◆ Exercise ◆
Leave the pictures out and give every entry again exactly.

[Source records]
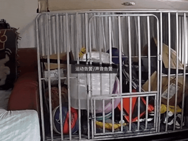 没想到,狗子只是原地转一圈,然后刚一趴下,笼子就塌了,原本放在上面的杂物,一下全部掉到狗笼里。
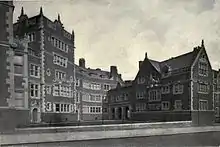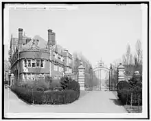 The Quadrangle was the first major dormitory built by the university.[4] Prior to its construction, the undergraduate components of the College (25 to 50 percent of student body) was populated by many commuters from Philadelphia-area residents; students from elsewhere lived in fraternities, Philadelphia relatives or family friends, or found lodgings in off-campus boarding houses, some of which were owned by Penn.[4] The driving force behind building the dormitory was Charles Custis Harrison, heir to a sugar fortune and university provost, 1894–1910. He removed the unofficial campus architect, Frank Furness, replacing him with Cope & Stewardson, who were making a reputation as practitioners of the fashionable Collegiate Gothic style.[7] Walter Cope and John Stewardson had designed exquisitely detailed historicist buildings for Bryn Mawr College beginning in the late-1880s, but the Quadrangle would be a project at a far larger scale and with a much higher level of ornament.[8]
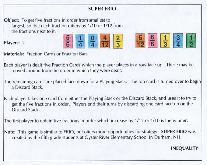 **FRIO was first described by Rowenda Drizigacker, Arithmetic Teacher, Vol. 6, No. 4, December 1966, 436-37. "Fraction Games - Visions and Revisions" was published in Teaching Mathematics: Strategies That Work, edited by Mark Driscoll and Jere Confrey, 1985. It is printed here by permission of the Northeast Regional Exchange. |
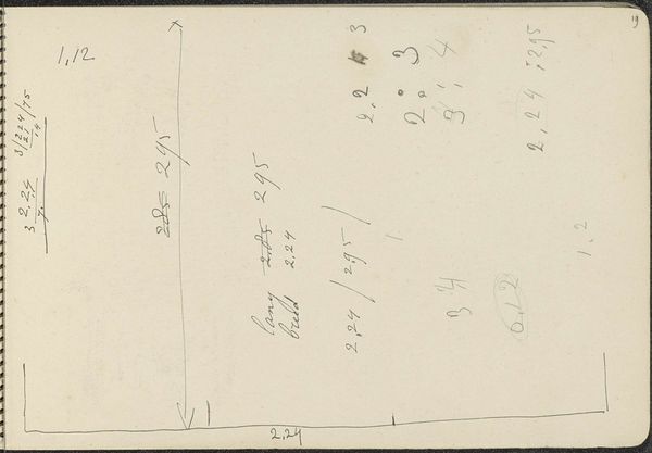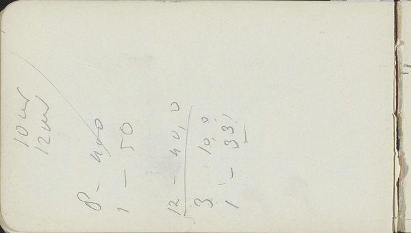 Editor: This is "Getallen," which translates to "Numbers," a drawing from 1893 by George Hendrik Breitner, residing at the Rijksmuseum. It's rendered with ink, pencil, and pastel on paper, with a definite aged look to it. There’s something intimate about seeing what appears to be calculations within the lines of a grid. How do you read a piece like this? Curator: Well, considering the materials - ink, pencil, and pastel – tell us Breitner likely created this work rapidly and informally, maybe as a functional exploration of numerical ideas in a notebook. The aged paper speaks to the very tangible processes that define artmaking, resisting purely conceptual understandings of his art. What meaning might you extract from this relationship? Editor: So it’s less about the numbers themselves, and more about the process, the evidence of creation left behind, as if capturing labor through materiality? Curator: Exactly. Think about what sketchbooks signified in the 19th century - tools, commodities available on the market for an emergent urban bohemia. Breitner wasn't creating timeless beauty, but engaging in a daily, material engagement. That is part of its story too. It’s challenging the high/low art boundary isn't it? How does its presence within the Rijksmuseum shift that narrative, then? Editor: I suppose it forces a re-evaluation. Placing an everyday object—a working document—within this context elevates it while simultaneously grounding the more traditional artwork displayed alongside it. I hadn’t considered the social and material context that much. Curator: It also prompts consideration of artistic consumption – is this page "art" or is it data? Editor: It definitely adds a layer I was missing. Seeing art through the lens of materials and production opens up a new avenue for interpretation. Thanks! Curator: Indeed. It is rewarding to peel back those layers of production, isn’t it?
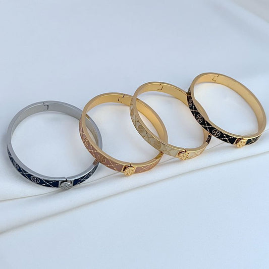 Regular price $50.00 USDRegular priceUnit price / perSale price $50.00 USDTory Burch Miller Enamel Logo Hinge Bracelet | Gold Tone Enamel Bangle | Double T Hinge Bracelet

◆ Answer box ◆
 没想到,狗子只是原地转一圈,然后刚一趴下,笼子就塌了,原本放在上面的杂物,一下全部掉到狗笼里。
 The Quadrangle was the first major dormitory built by the university.[4] Prior to its construction, the undergraduate components of the College (25 to 50 percent of student body) was populated by many commuters from Philadelphia-area residents; students from elsewhere lived in fraternities, Philadelphia relatives or family friends, or found lodgings in off-campus boarding houses, some of which were owned by Penn.[4] The driving force behind building the dormitory was Charles Custis Harrison, heir to a sugar fortune and university provost, 1894–1910. He removed the unofficial campus architect, Frank Furness, replacing him with Cope & Stewardson, who were making a reputation as practitioners of the fashionable Collegiate Gothic style.[7] Walter Cope and John Stewardson had designed exquisitely detailed historicist buildings for Bryn Mawr College beginning in the late-1880s, but the Quadrangle would be a project at a far larger scale and with a much higher level of ornament.[8]
 **FRIO was first described by Rowenda Drizigacker, Arithmetic Teacher, Vol. 6, No. 4, December 1966, 436-37. "Fraction Games - Visions and Revisions" was published in Teaching Mathematics: Strategies That Work, edited by Mark Driscoll and Jere Confrey, 1985. It is printed here by permission of the Northeast Regional Exchange. |
 Editor: This is "Getallen," which translates to "Numbers," a drawing from 1893 by George Hendrik Breitner, residing at the Rijksmuseum. It's rendered with ink, pencil, and pastel on paper, with a definite aged look to it. There’s something intimate about seeing what appears to be calculations within the lines of a grid. How do you read a piece like this? Curator: Well, considering the materials - ink, pencil, and pastel – tell us Breitner likely created this work rapidly and informally, maybe as a functional exploration of numerical ideas in a notebook. The aged paper speaks to the very tangible processes that define artmaking, resisting purely conceptual understandings of his art. What meaning might you extract from this relationship? Editor: So it’s less about the numbers themselves, and more about the process, the evidence of creation left behind, as if capturing labor through materiality? Curator: Exactly. Think about what sketchbooks signified in the 19th century - tools, commodities available on the market for an emergent urban bohemia. Breitner wasn't creating timeless beauty, but engaging in a daily, material engagement. That is part of its story too. It’s challenging the high/low art boundary isn't it? How does its presence within the Rijksmuseum shift that narrative, then? Editor: I suppose it forces a re-evaluation. Placing an everyday object—a working document—within this context elevates it while simultaneously grounding the more traditional artwork displayed alongside it. I hadn’t considered the social and material context that much. Curator: It also prompts consideration of artistic consumption – is this page "art" or is it data? Editor: It definitely adds a layer I was missing. Seeing art through the lens of materials and production opens up a new avenue for interpretation. Thanks! Curator: Indeed. It is rewarding to peel back those layers of production, isn’t it?
 Regular price $50.00 USDRegular priceUnit price / perSale price $50.00 USDTory Burch Miller Enamel Logo Hinge Bracelet | Gold Tone Enamel Bangle | Double T Hinge Bracelet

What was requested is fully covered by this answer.